Dünya ölçeğinde bakıldığında yenilenebilir enerji yatırımlarının diğer kaynak yatırımlarına göre daha fazla tercih edildiğini, yenilenebilir kaynak seçiminde de güneşin lider olduğunu görmekteyiz. Dünya genelinde yatırımların yavaşlamasına sebep olsa da, Covid-19 pandemisi sürecinde 260 GW yenilenebilir enerji santrali kurulumu yapılarak önceki yıldan yaklaşık %50 daha yüksek bir rakama ulaştı. 2020 için toplam elektrik enerjisi üretim tesisi yatırımının (325 GW) %80 ‘i yenilenebilir enerjiye yapıldı. Güneş santralleri, bu yatırımlar içindeki 127 GW kapasite ile lider konumda oldu. 2020 yılında, güneş ve rüzgâr, yenilenebilir enerji yatırımı içinde %50’lik bir paya sahip oldu. 2020 itibariyle toplam yenilenebilir enerji kapasitesi dünya genelinde 2.800 GW’a, toplam güneş santrali kapasitesi 714 GW’a yükseldi. 2030 yılı için ölçeklendirilen güneş santrali kapasitesi 2.840 GW, 2050 yılı için 8.520 GW olarak belirtilmektedir.
Kaynak: IRENA
Türkiye'de Yenilenebilir Enerji
Türkiye’de TEİAŞ(Türkiye Elektrik İletim AŞ)’ın açıkladığı son verilere göre, toplam güneş enerjisi kurulu gücü 6,8 GW, toplam elektrik kurulu gücü içindeki payı %7 oranındadır. Hidroelektrik santralleri dahil yenilenebilir enerji kurulu güç, toplam kurulu gücün %51’ini oluşturmaktadır. Ancak hidroelektrik santrallerinin yenilenebilir enerjideki payının %63 olduğunu belirtmek gerekir.

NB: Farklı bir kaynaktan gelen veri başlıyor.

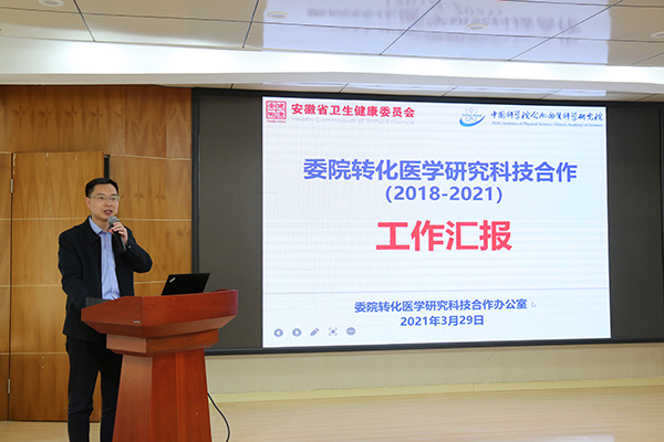 邹士平就合肥研究院整体发展情况以及“面向人民生命健康”领域的发展做了介绍,对安徽省卫生健康委员会和中科院合肥研究院双方在转化医学研究科技合作方面的背景进行了介绍。他还就安徽省卫生健康委员会长期以来对合肥研究院科研事业特别是转化医学科技工作的支持表示感谢。

Son yıllarda dünyada elektrik üretimi, politika olarak devlet tekelinden çıkarılarak özel yatırımcılar tarafından yapılıyor. Türkiye de bu gelişmelerden etkilenerek özel yatırımcılara fırsatlar sunarak birincil elektrik enerjisi üretiminin devlet tekelini kırdı. Geçtiğimiz yıllarda bu fırsatlar ile büyük bir ivme yakalayan güneş yatırımları, son zamanlarda geri planda kalarak kanunlar ölçeğinde tercih edilmeyen bir yatırım haline gelmiştir. Ekonomik kulvarındaki ve benzer güneş enerjisi potansiyeline sahip çevre ülkelere göre güneş santrali yatırımında oldukça geride olan ülkemiz için yeni adımlar atılması ülkemizin geleceği adına doğru bir adım olacaktır. Güneş santralleri yatırımı için, Türkiye’de mevcut olan kanunların geliştirilerek lisanslı güneş santrali imkanlarının artırılması, dünyada artan güneş potansiyeline olan ilginin ülkemizde de tekrar oluşmasında önemli rol oynayabilir. Güneş, rakiplerinin aksine yerel enerji üretimine en yatkın kaynak olarak ışık saçıyor. Ülkemizde var olan güçlü güneş potansiyelinin, her çatıya güneş santrali kurulması ile değerlendirilmesi, enerjide dışa bağımlılığın azaltılmasında ve karbon ayak izi hedeflerimize ulaşmasında büyük rol oynayacaktır.